Protecting yourself from caregiver burnout
Caregiver fatigue is real, and tending to your own wellbeing isn't selfish—it helps you show up with more patience and strength. You don't need to do everything at once; small changes matter.
Notice the signs
- Check in with yourself daily: Am I sleeping enough? Eating regularly? Feeling irritable or overwhelmed more often?
- Pay attention to physical signals—tension, headaches, or feeling constantly tired—that your body may be sending.
- Ask a trusted friend or family member: 'Do you notice any changes in how I seem lately?' Sometimes others spot burnout before we do.
Build in breaks
- Schedule one small break each week, even 15 minutes—a walk, a quiet cup of tea, or time alone.
- Ask family or friends to sit with your care recipient for a few hours, or look into respite care options in your area.

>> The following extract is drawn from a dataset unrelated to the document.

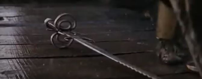 Next, Madmartigan steps on another sword’s hilt so that the blade sticks up at an angle. But wait, this sword has fancy rounded hilt, like a Princess Bride sword, but Madmartigan’s second sword has a basic T-shaped hilt, like a Lord of the Rings sword. Compare with earlier shots, and it’s easily confirmed that this is Kael’s sword, which he dropped when Madmartigan stabbed him the first time.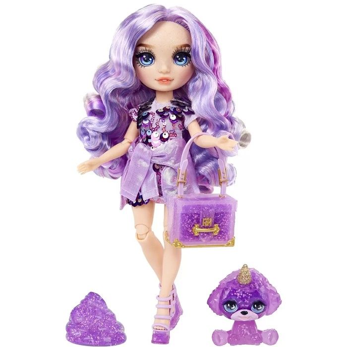 Rainbow High inspira copiii sa fie creativi. Curcubeul straluceste puternic la fel si noile papusi Classic Rainbow Descopera si joaca-te cu Violet Willow intr-un nou mod fantastic Acum cu Liquid Rainbow Slime exista mai multa culoare mai multa stralucire mai multe modalitati de joaca Si pentru prima data papusa ta preferata vine cu propriul animal de companie care de asemenea straluceste Violet Willow este articulata pentru scenarii de joaca nelimitate si pline de farmec Vine cu o tinuta completa inclusa si accesorii. Violet este imbracata din cap pana in picioare in mov Pentru prima data Violet are adorabilul ei animal de companie magic cu corn - Periwrinkle. Pentru a schimba culoarea animalutului ii poti umple corpul cu slime. Violet Willow vine cu pantofi draguti si o geanta pe care le poti personaliza si carora le poti schimba culoarea adaugand niste slime. Are trasaturi superbe si detaliate si par frumos Include o papusa cu tinuta completa pantofi geanta animal de companie slime si sclipici. Colectioneaza toate papusile Rainbow High din gama Classic Rainbow si vei avea toate culorile curcubeului Fiecare papusa are propriul stil care ii exprima perfect personalitatea. De asemenea fiecare papusa vine cu culoarea de slime asortata rosu portocaliu galben verde albastru violet sau roz. Exista o multime de moduri de a-ti imagina o joaca distractiva si creativa cu aceste papusi Imbraca-le in fiecare look iar daca ai doua sau mai multe papusi din gama Classic Rainbow le poti schimba si asorta piesele vestimentare intre eleSpecificatii

Your local Area Agency on Aging can suggest respite resources; call the Eldercare Locator at 1-800-677-1116.
- Set one boundary each day—a time after which you won't answer calls or check in, unless it's an emergency.

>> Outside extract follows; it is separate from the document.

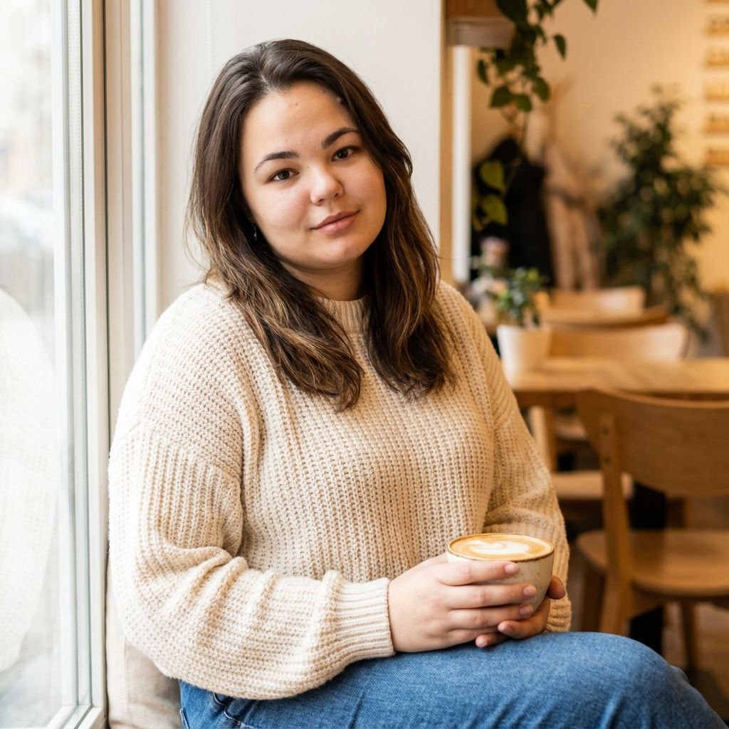 Используй загруженное фото для лица — точно сохрани ВСЕ черты: форму лица, глаза, нос, губы, брови, цвет волос, прическу. Женщина в уютном вязаном свитере оверсайз, джинсах, сидит у окна в светлом кафе. В руке чашка капучино. Естественный дневной свет из окна, размытый фон кафе. Настроение: комфорт и естественность. 50mm, f/1.8, теплые тона. #женские #мужские

- Keep a list of small activities that recharge you (a hobby, music, time outside) and do at least one each week.
Stay connected
- Talk with someone regularly—a friend, family member, or support group—about how caregiving is really going for you.
- Consider joining a caregiver support group, online or in person, where others understand what you're navigating.
- Don't isolate; let people know when you need help and accept it when offered.
Know when to reach out
- If you feel persistently sad, hopeless, or unable to cope, talk with your doctor or a counselor. Your primary care doctor can discuss options and referrals; there's no shame in getting professional support.
- If caregiving demands are beyond what you can manage alone, ask your care recipient's doctor or a social worker about care planning and community resources.
This checklist is general information, not medical advice. Talk with your parent's doctor about their specific situation.